Michael Tilson Thomas and a New Project
Michael Tilson Thomas, 61, the music director of the San Francisco Symphony Orchestra, has a new project, the ambitious Keeping Score which he hopes will help make symphonic music less intimidating.
Chron.com reports: “Envisioned as a five-year, $23 million project, Keeping Score features a PBS series, a national radio series, an interactive Web site and outreach programs that organizers hope will involve 500 teachers and 75,000 students around the country.”
Thomas commented: “It presupposes the idea that there are intriguing things to find out about classical music– about the back story of the particular performance, and certainly the back story of the piece itself and the era of which it comes, and that it’s all fun to actually learn to comprehend things about the way music itself works.”
With Thomas in the updated Bernsteinesque role as guide, the TV series will debut in November, promising three ear-opening documentaries over successive weeks exploring Beethoven’s Eroica Symphony, Stravinsky’s The Rite of Spring and Aaron Copland’s life and music.
The radio series, “The MTT Files,” will feature eight hourlong installments about life, music and art, including a Thomas interview of soul singer James Brown.
“The website will help novices and sophisticates better understand the piece’s themes, structure, orchestration and mood-changing keys. As the music plays, users can follow the score even if they can’t read notes. In a variation of follow the bouncing ball, the main themes will be highlighted as the music plays, enabling users to see how the composer tosses around melodies and harmonies to different instruments”.

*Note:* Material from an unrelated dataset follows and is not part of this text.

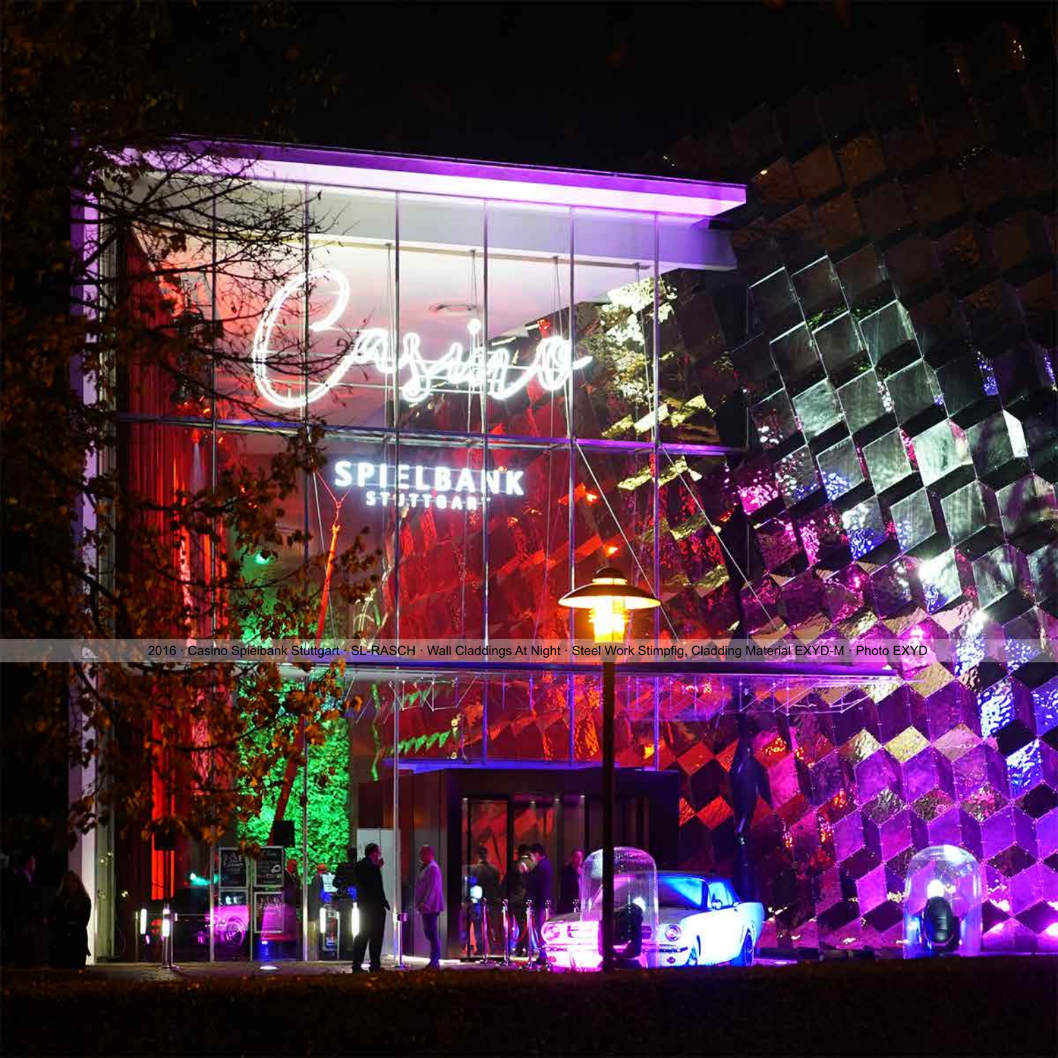
2016 · Casino Spielbank Stuttgart · SL-RASCH · Wall Claddings At Night · Steel Work Stimpfig, Cladding Material EXYD-M

David Kennard, who worked with Michael Tilson Thomas as co-producer of the TV series, said: “You can produce all that ‘Tubby the Tuba’-type thing, which these days doesn’t go down. What we tried to do is to capture him talking to us as individuals, to the single documentary camera, to really share why he constantly puts himself on the line in terms of exhaustion and everything else. There are you know a number of great conductors. But he’s a great conductor who can actually talk.”